現在の世代別投票率が続く限り「高齢者のほうを向いた政策」は終わらない

 
 国や地方自治体の政策を「時代遅れ」「老害」「年寄りの顔色ばかり窺っている」と呼ぶ人をネット界隈では大勢みかける。2chでもブログ界隈でもmixiでも、「政治家と官僚は若年〜壮年世代の未来を食いつぶすつもりか?」「時代に追随出来ない、ぼけた政策を改めろ」などなど、批判的な事を書いている人はどこにでも転がっていて、若年世代の鬱憤のようなものを感じずにはいられない。
 
 彼らの批判をよく観察してみると、時折、“民主主義”という語句を用いて為政者批判を行っている人もいる。しかし民主主義における為政者・被選挙者というものは有権者の意見を汲み取って政策に反映させる筈のものなわけで、だとしたら現在の日本の政治状況は必ずしも民主主義の理念に反してはいないように思える。現状においては、「高齢者のほうを向いた政策傾向」を為政者が持っていたとしても、あんまり文句が言いづらいんじゃないだろうか。そこら辺についてちょっとだけ書いてみる。
 

有権者とは誰なのか?為政者は誰の顔色を窺っているのか?

 
 そもそも有権者とは誰のことで、為政者は誰の顔色を窺いながら政をやっているのだろうか?有権者とは、投票する人である。そして選挙においては、投票した人である。そこら辺をちょっと考えれば、若年世代の意見が相対的に軽視されやすく、為政者の声が老年世代重視の、年寄りにも咀嚼しやすい内容になるのが当然だという結論に達せざるを得ない。

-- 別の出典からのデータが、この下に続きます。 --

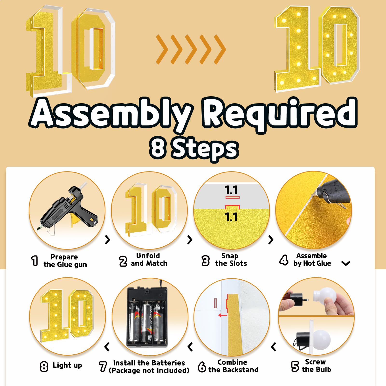 - Q: Is assembly required for the birthday numbers, and how is it done? A: Yes, assembly is required. Each number comes with a pre-cut frame and slots. Simply match the slots on the board with the frame, secure them with a hot glue gun, and then attach the light bulbs by screwing them onto the frames.
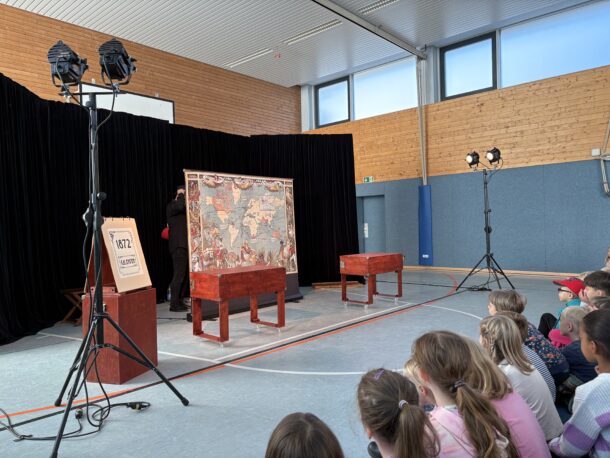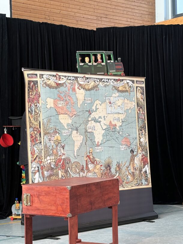 Am Dienstag, 23.9.25 war wieder das Puppentheater Niekamp bei uns zu Besuch. Diesmal fanden die Vorführungen in der Sporthalle statt. In diesem Jahr hat uns das Stück „In 80 Tagen um die Welt“ erfreut.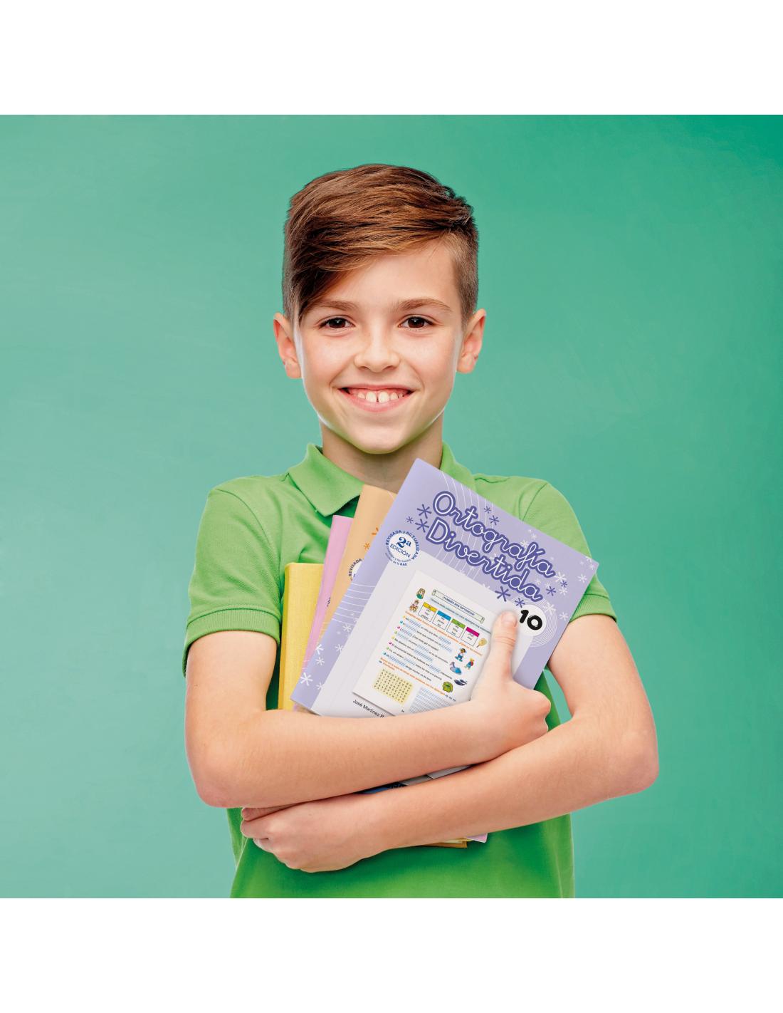 Ortografía Divertida 10 es un cuaderno didáctico diseñado para que niños y niñas de 9 a 10 años (4º de Educación Primaria) refuercen las reglas básicas de ortografía de manera divertida, autónoma y eficaz. Forma parte de una colección de 19 cuadernos que abordan progresivamente los principales contenidos ortográficos del currículo escolar.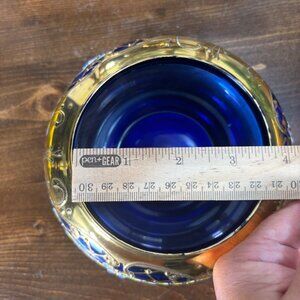 Vintage Cobalt Blue Glass Vanity Jar with Lid Gold Enamel Floral Bohemian Jar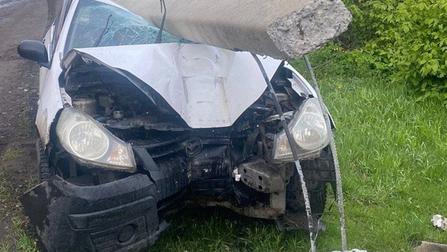 Накануне вечером в кузбасском городе пьяный "бесправник" протаранил столб, в результате чего бетонная опора ЛЭП рухнула на машину.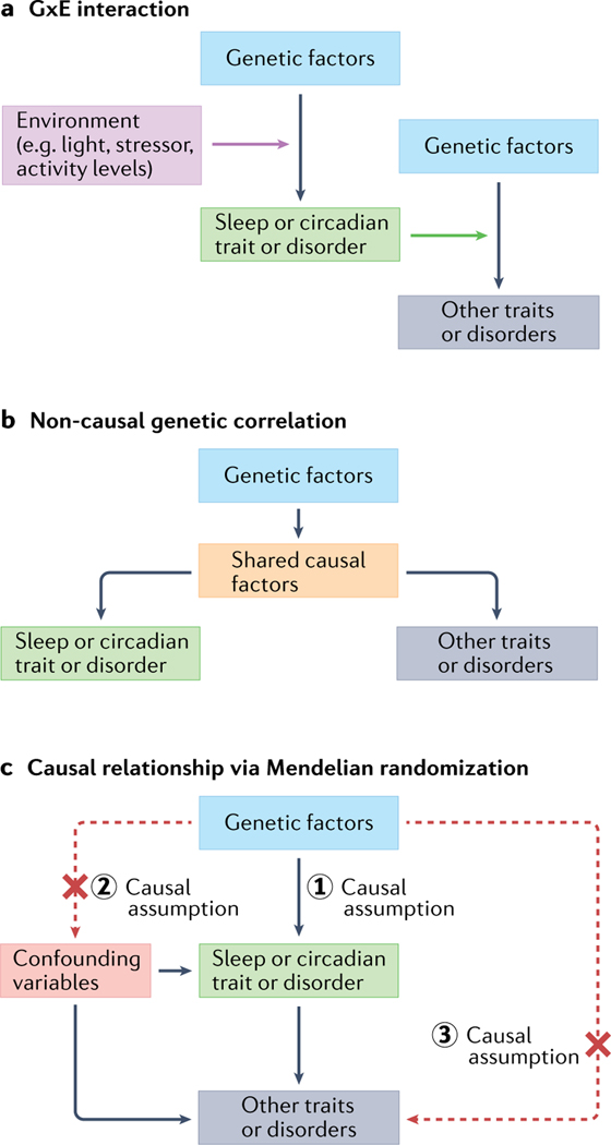 a | 基因与环境 (GxE) 睡眠和昼夜节律特征和疾病的相互作用,其中睡眠和昼夜节律既可以作为疾病的结果,也可以作为疾病的环境调节因素。b |与部分a类似,具有共同的因果因素(多效性)。当遗传因素与两种结果独立相关时,睡眠/昼夜节律特征或疾病与其他特征或疾病之间可能存在非因果关系。c |图形表示睡眠/昼夜节律特征和疾病之间的因果遗传关系,以及孟德尔随机化分析查询的下游特征/疾病。对于使用孟德尔随机化的因果关系检验,必须满足三个突出的因果假设:(1)遗传因素(例如,相关的 SNP)与睡眠/昼夜节律特征/疾病(“暴露”)强烈且明确相关;(2)遗传因素与任何混杂因素无关;(3)遗传因素应仅通过睡眠/昼夜节律特征/疾病与结果相关联。黑色箭头表示因果关系,红色虚线表示可能违反孟德尔随机化假设。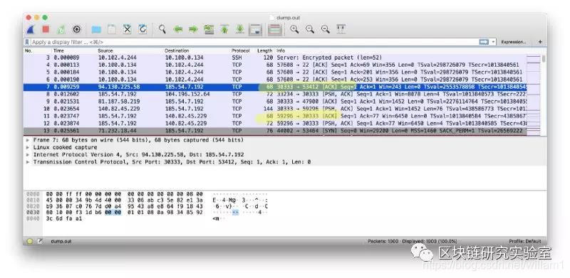 并将其加载到Wire Shark中。 正如下面的截图所示。 验证节点使用了大量的出站端口。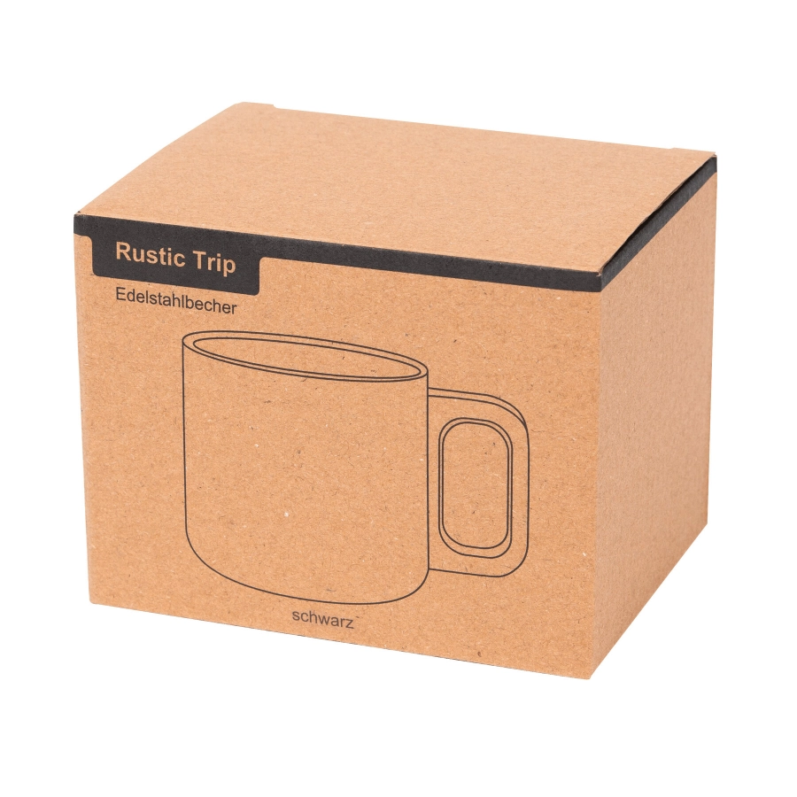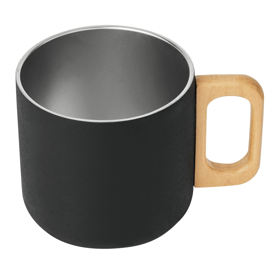 Kubek ze stali nierdzewnej RUSTIC TRIP, z podwójną izolacją. Posiada drewniany uchwyt, kolorową matowa powłokę proszkową na zewnątrz i srebrną wewnątrz. Pojemność kubka to ok. 350 ml.

以下に、2003年の第43回衆議院議員選挙の際に、年代別有権者数と投票数を示してみる(引用:財団法人明るい選挙推進委員会、http://www.akaruisenkyo.or.jp/various/09/index.html)
 

 
 ご覧の通り、有権者人口だけを比較するなら、20代〜40代と50代〜70代の人数はそれほど大きく違わない。しかし投票率が大きく違うせいで、(被投票者からの)見かけ上、有権者の声の大きさは老年世代のほうが大きなものになる。私の記憶する限り、この傾向は第43回衆議院議員選挙の時に限らず、大抵の国政・地方選挙についてもみられた筈だ。比較として20代〜40代と50代〜70代の投票数・有権者数を表にすると、
 

世代 実際の投票数 本来の有権者数
20代〜40代 69256 137677
50代〜70代 104249 140548

 
 投票所で観測される見かけ上の声の大きさは、世代間で区切るとこんなにも違っている。今回は除外しているものの、80代の投票数を加えればもうちょっと年寄りの声は大きくなる。この数をみる限り、若い世代の声は老年世代の声よりも三割ばかり軽視されても不思議ではない。というか、民意の反映という点ではそれぐらいが適切なぐらいかもしれない。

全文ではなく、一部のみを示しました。